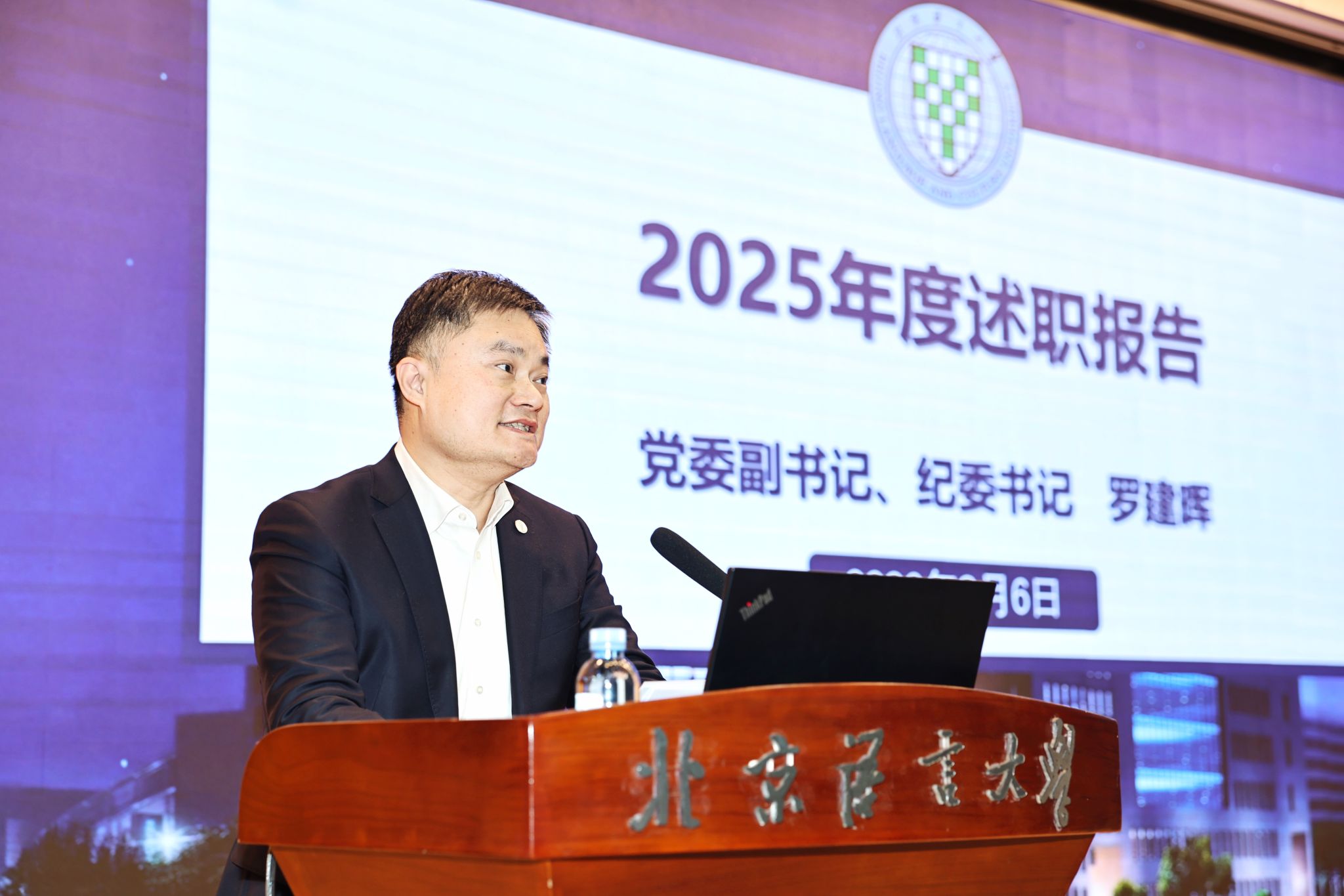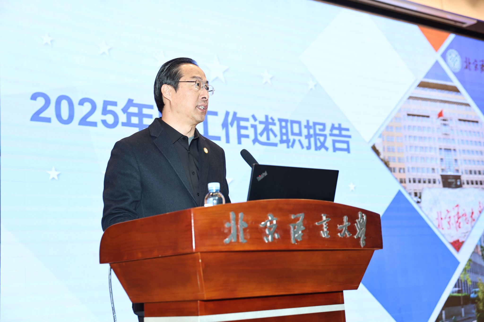 倪海东书记在代表学校领导班子述职中指出,一年来,学校党委坚持以习近平新时代中国特色社会主义思想为根本遵循,深入学习贯彻党的二十大和二十届历次全会精神,全面落实全国教育大会部署要求,坚决扛起管党治党、办学治校主体责任,牢牢把握立德树人根本任务,聚力“双一流”建设,推动学校各项事业迈上新台阶,在服务国家战略和首都发展大局中取得了新的实质性进展。他强调,2026年将是我校启动实施“十五五”规划、迈向更高发展阶段的启航之年。学校领导班子将坚定不移以习近平新时代中国特色社会主义思想为指导,紧密围绕立德树人根本任务,以服务国家战略和构建人类命运共同体为使命,以深入推进“双一流”建设与学科创新为引擎,持续深入推进“三强三新”学科建设,积极培育新兴交叉方向,深度参与全球文明对话与人文交流,全面提升人才培养的全球竞争力和贡献力。
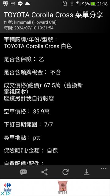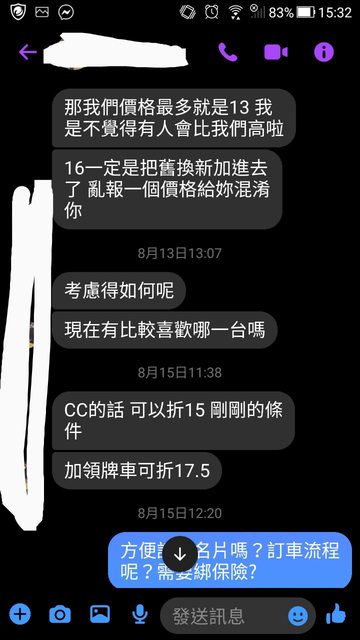 → laechan: 我一開始談尊爵油車精裝套裝時拿到的價格是88萬 08/23 16:25
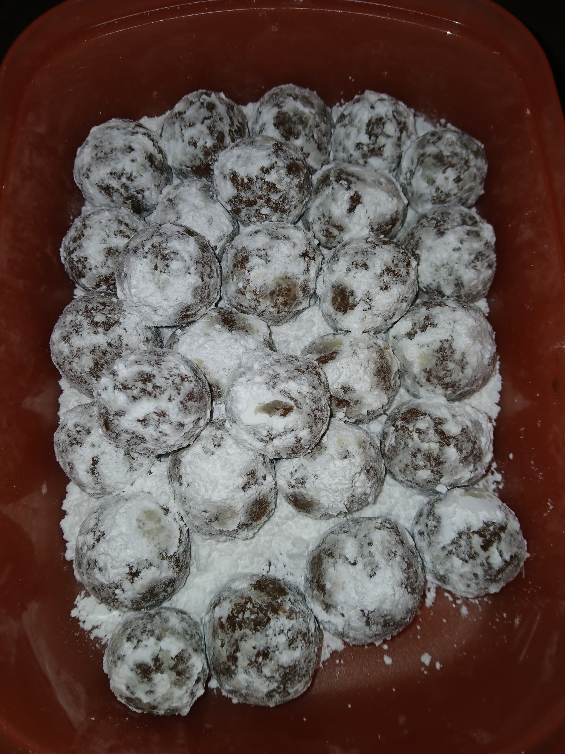 A couple of people made some no bake round ball things, so I looked up round ball cookies and made Rum Balls and Date Balls. Most of the date balls were devoured before I could get a picture, but at least some are left.
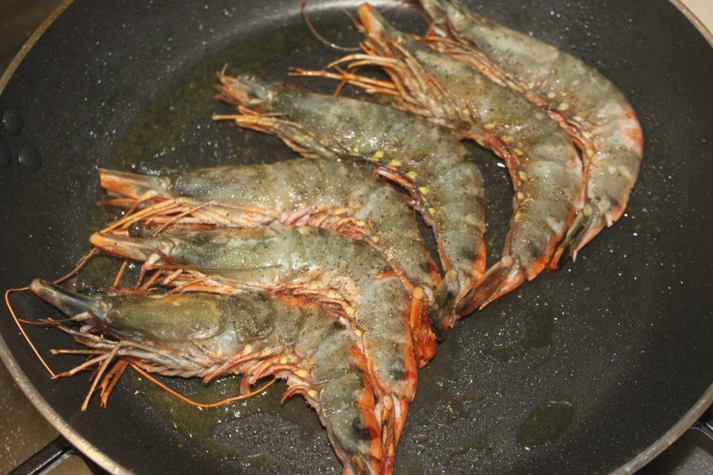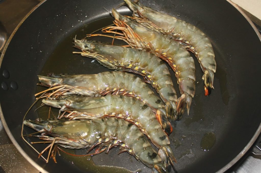 - Pour cette recette, j’ai pris de très grosses crevettes. Versez l’huile d’olive dans une large poêle.
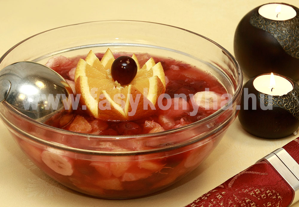 A mazsolát beáztatjuk a rumaromába. Összekockázzuk a gyümölcsöket, és egy tálba belerakjuk. Hozzáadjuk a meggybefőttet levével együtt. 5 dl szódavízzel összekeverjük a citromlevet, a málnaszörpöt és ráöntjük a gyümölcsökre, majd belerakjuk a rumba áztatott mazsolát. Ezt követően az egészet összekeverjük. Tálalás előtt, három órán keresztül hűtőben állni hagyjuk.
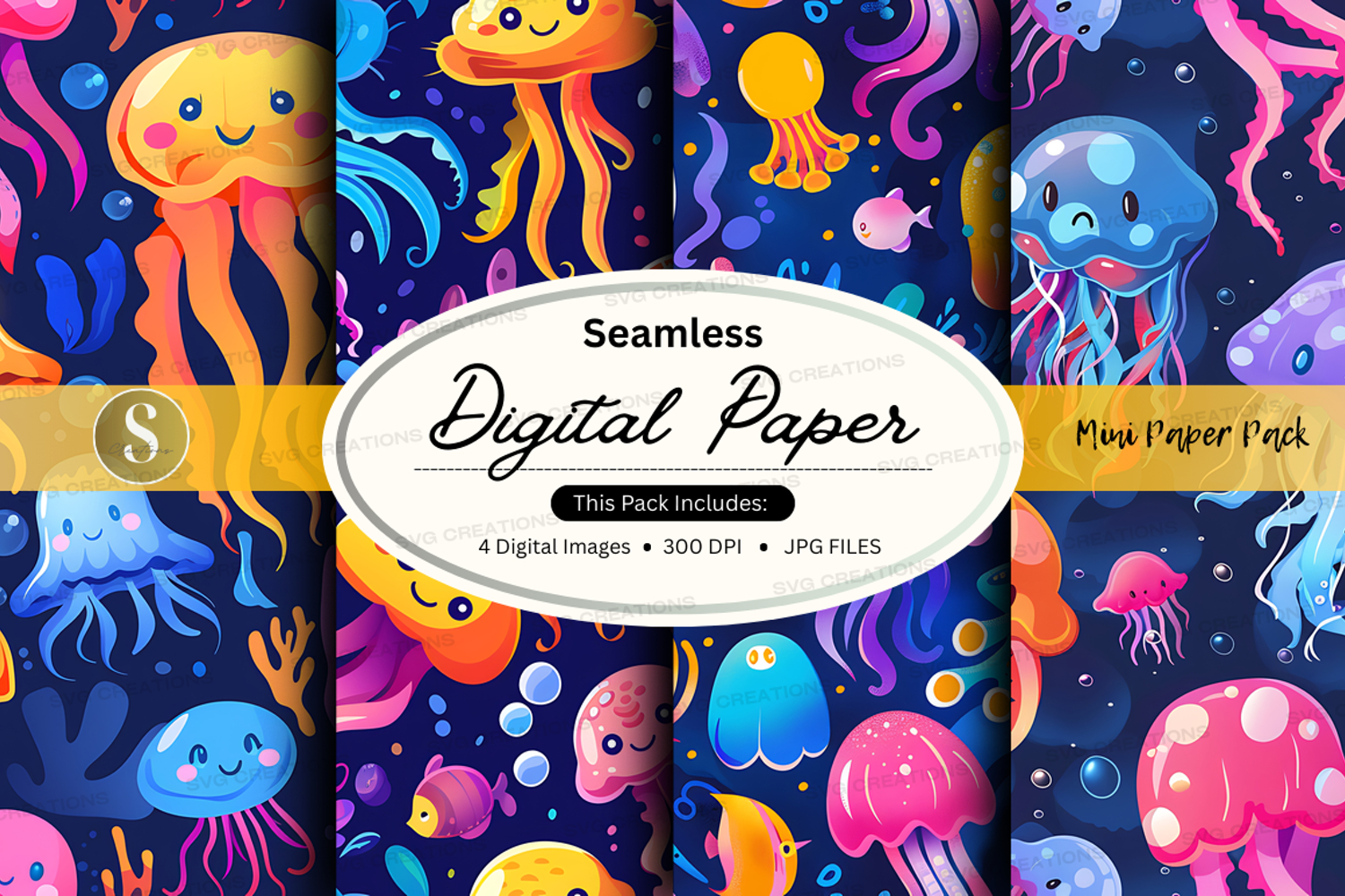 Seamless digital paper with colorful jellyfish pattern example image 1
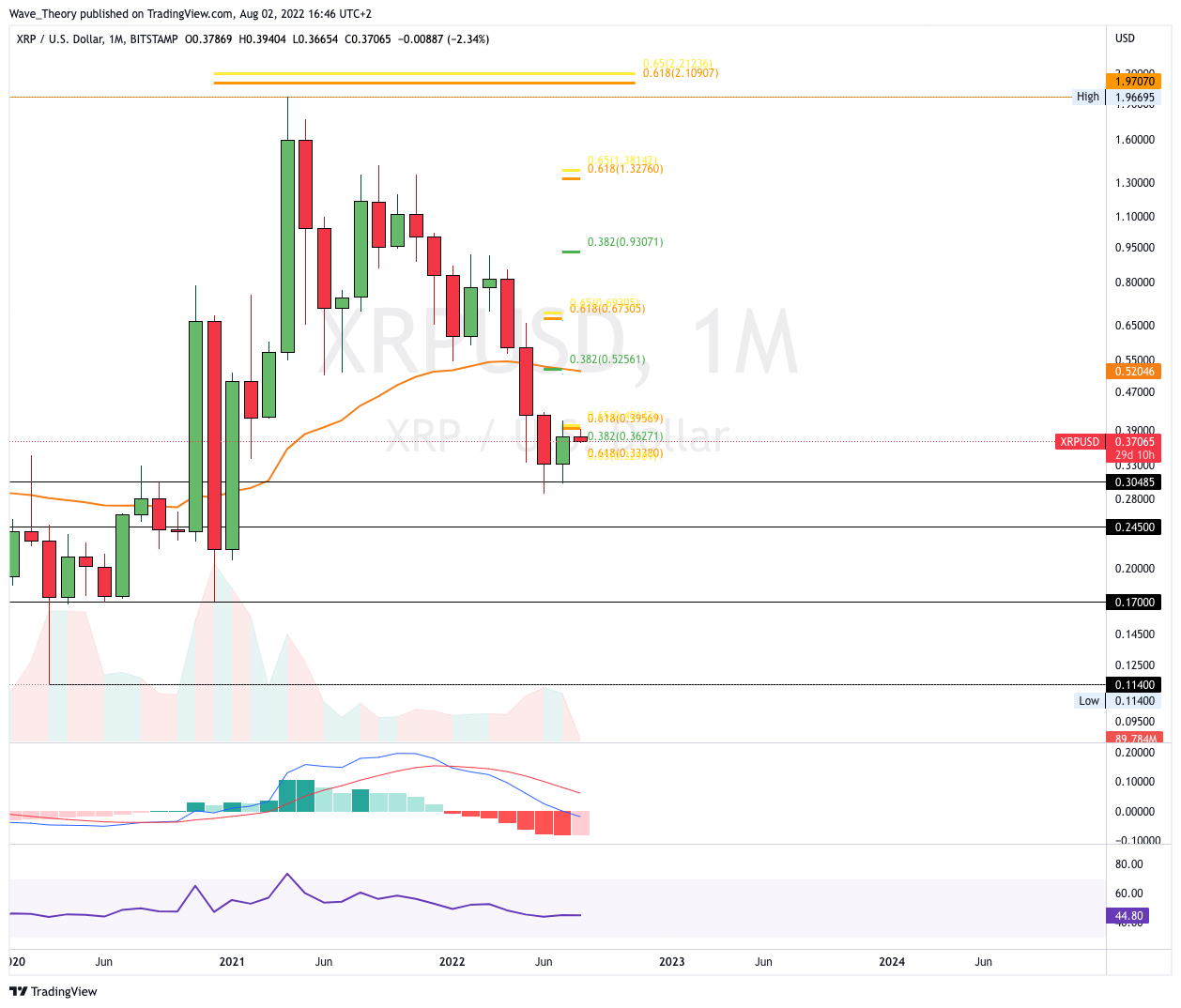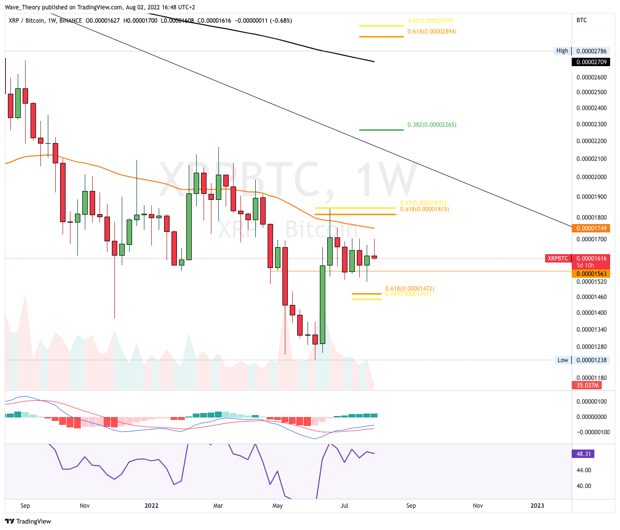 Für eine bullische Trendwende müsste der Ripple Kurs die Golden Ratio bei rund 2,2 USD brechen, woran der Ripple Kurs sogar im letzten Bullenlauf scheiterte. Der langfristige Trend von XRP bleibt also bärisch.

--*--

■ **Problem requirements**:
This task calls for restating, word for word, each line from the line holding "Seamless digital paper" through the end of the material, pictures left out.

■ **Written response**:
 Seamless digital paper with colorful jellyfish pattern example image 1
 Für eine bullische Trendwende müsste der Ripple Kurs die Golden Ratio bei rund 2,2 USD brechen, woran der Ripple Kurs sogar im letzten Bullenlauf scheiterte. Der langfristige Trend von XRP bleibt also bärisch.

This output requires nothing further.